Reviews

Comedy of Errors (Sheffield)

Editorial Staff

Editorial Staff

| |

21 January 2011

The Comedy of Errors is Shakespeare’s purest farce, its galloping lunacy not deepened by the emotional sub-text of later, greater plays. Aegeon, the merchant of Syracuse condemned to death because his search for his son has taken him to the forbidden territory of Ephesus, begins the play with a noble tale of suffering, but after 10 minutes he is forgotten until the splendidly unlikely denouement. Essentially the play is about all the silly things that can happen to you if you arrive in a town where a long-term resident looks just like you and has the same name – and the same goes for the servants. Martinu would have made a dream opera of it; more earthily, Shakespeare prefers a crazy farce.

The essentials of a successful Comedy of Errors are pace, wit, precision and invention. Edward Hall’s production for Propeller, embarking on a six-month, five-country tour, has all these and is distinguished from the typical Comedy of Errors by two features. As always with Propeller, the cast is all-male. This is not done by picking beardless boys for the female parts; the other play on tour, Richard III, uses quite different actors in the cross-gender roles.

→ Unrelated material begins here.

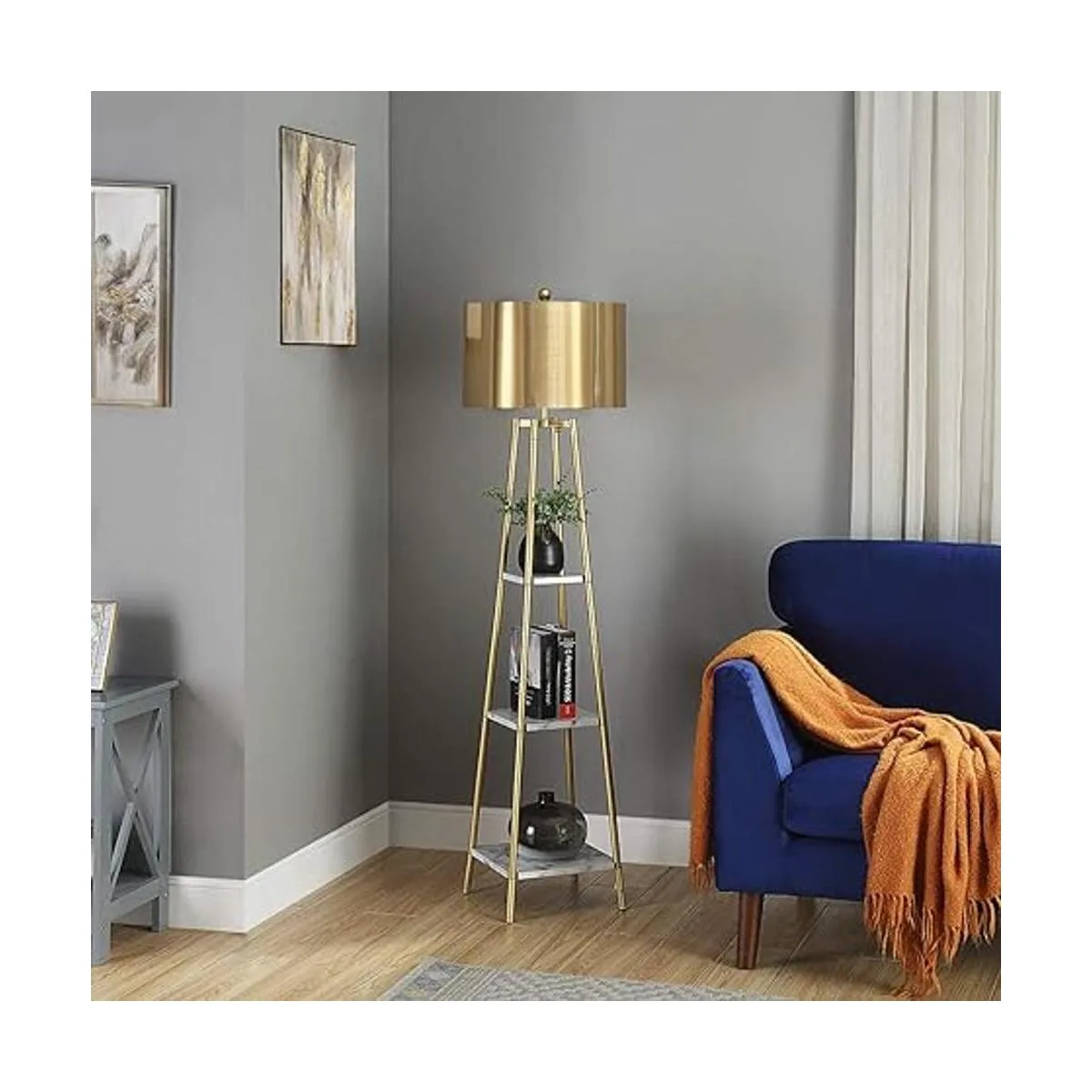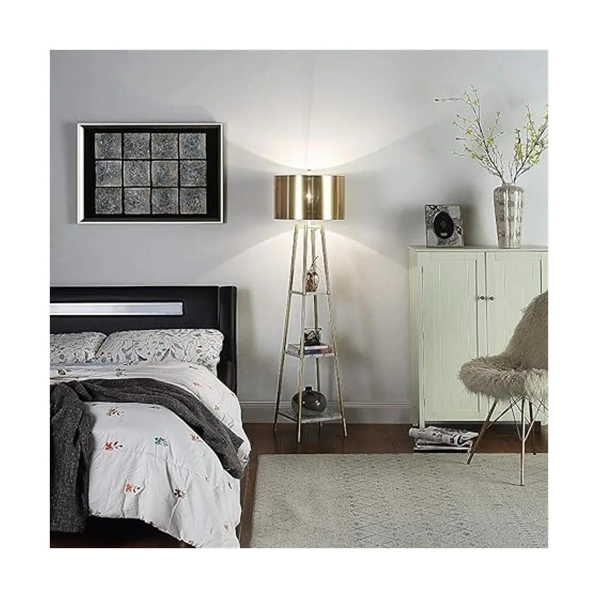 ROSEN GARDEN Lámpara de pie, luz de lectura de pie con estantes y pantalla dorada, lámpara moderna de poste alto, iluminación decorativa de muebles para sala de estar, dormitorios

So Robert Hands, striding manfully on his high heels, power-dressed in aggressively male-female mode, supplies a fiercely funny masculine commentary on the termagant wife. Even more interesting is David Newman, the demurely gentle sister with the instant power of a Martial Arts expert!

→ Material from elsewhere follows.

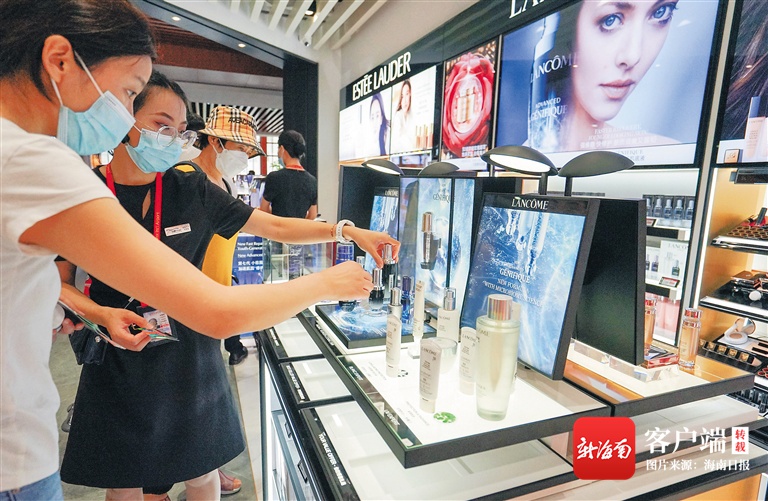 在位于海口日月廣場的海控(全球)精品免稅城,購買免稅品的游客人來人往,十分熱鬧,熱門單品專柜前排起長龍,不少消費者一邊拿出手機比對有稅市場的行情,一邊計算免稅店的折扣、積分等優惠。

The second feature is the atmosphere of fiesta that permeates the whole evening. Long before curtain, football-shirt-clad drifters fill the square of a little Spanish town with music, while assorted layabouts accost the audience. Every time an actor is not in character, he reverts to this ensemble, supplying sound effects, music and an active audience for the characters. And this goes on into the interval, the cast singing for charity on the Circle stairs.

The production style owes much to cartoon and circus, the latter reflected in Michael Pavenka’s colourful costumes and set. This is essentially an ensemble piece, but Dugald Bruce-Lockhart and Sam Swainsbury play the Antipholus twins with a light touch and impeccable timing, while the excellent Dromios are Richard Frame (wonderfully manic in the Greasy Nell speeches) and Jon Trenchard (who also contributes the wholly effective musical arrangements). And what of Dr. Pinch? These days the part is, seemingly inevitably, developed into a music-hall turn and Tony Bell’s hell-fire preacher from the Mid-West (of Lancashire) is definitely one of the more engaging.